● PROVIDED MATERIAL:
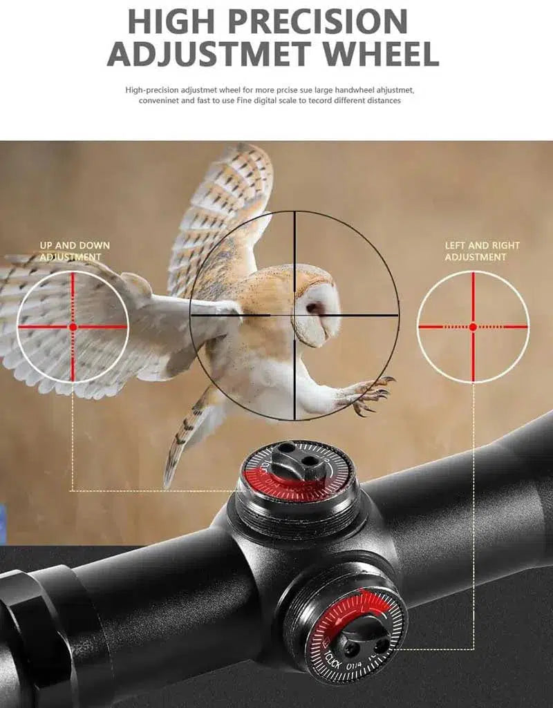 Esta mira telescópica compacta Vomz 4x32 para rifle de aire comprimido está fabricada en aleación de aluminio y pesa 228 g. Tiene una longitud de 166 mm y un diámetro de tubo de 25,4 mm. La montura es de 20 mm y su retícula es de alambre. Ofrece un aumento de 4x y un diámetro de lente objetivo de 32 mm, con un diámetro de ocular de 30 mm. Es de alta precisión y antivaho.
---
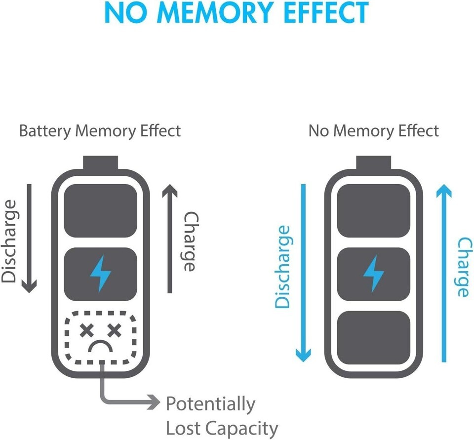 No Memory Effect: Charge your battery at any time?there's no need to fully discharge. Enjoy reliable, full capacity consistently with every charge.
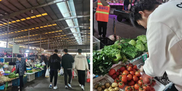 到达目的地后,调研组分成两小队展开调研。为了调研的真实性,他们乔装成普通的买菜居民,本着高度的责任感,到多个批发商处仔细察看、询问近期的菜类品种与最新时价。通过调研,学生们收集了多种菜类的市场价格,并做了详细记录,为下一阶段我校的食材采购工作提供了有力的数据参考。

● WORK TO BE COMPLETED:
From the material above, reproduce only what runs from the line holding "No Memory Effect: Charge" down to the line holding "到达目的地后,调研组分成两小", both included, pictures excluded.

● EXPECTED ANSWER:
 No Memory Effect: Charge your battery at any time?there's no need to fully discharge. Enjoy reliable, full capacity consistently with every charge.
 到达目的地后,调研组分成两小队展开调研。为了调研的真实性,他们乔装成普通的买菜居民,本着高度的责任感,到多个批发商处仔细察看、询问近期的菜类品种与最新时价。通过调研,学生们收集了多种菜类的市场价格,并做了详细记录,为下一阶段我校的食材采购工作提供了有力的数据参考。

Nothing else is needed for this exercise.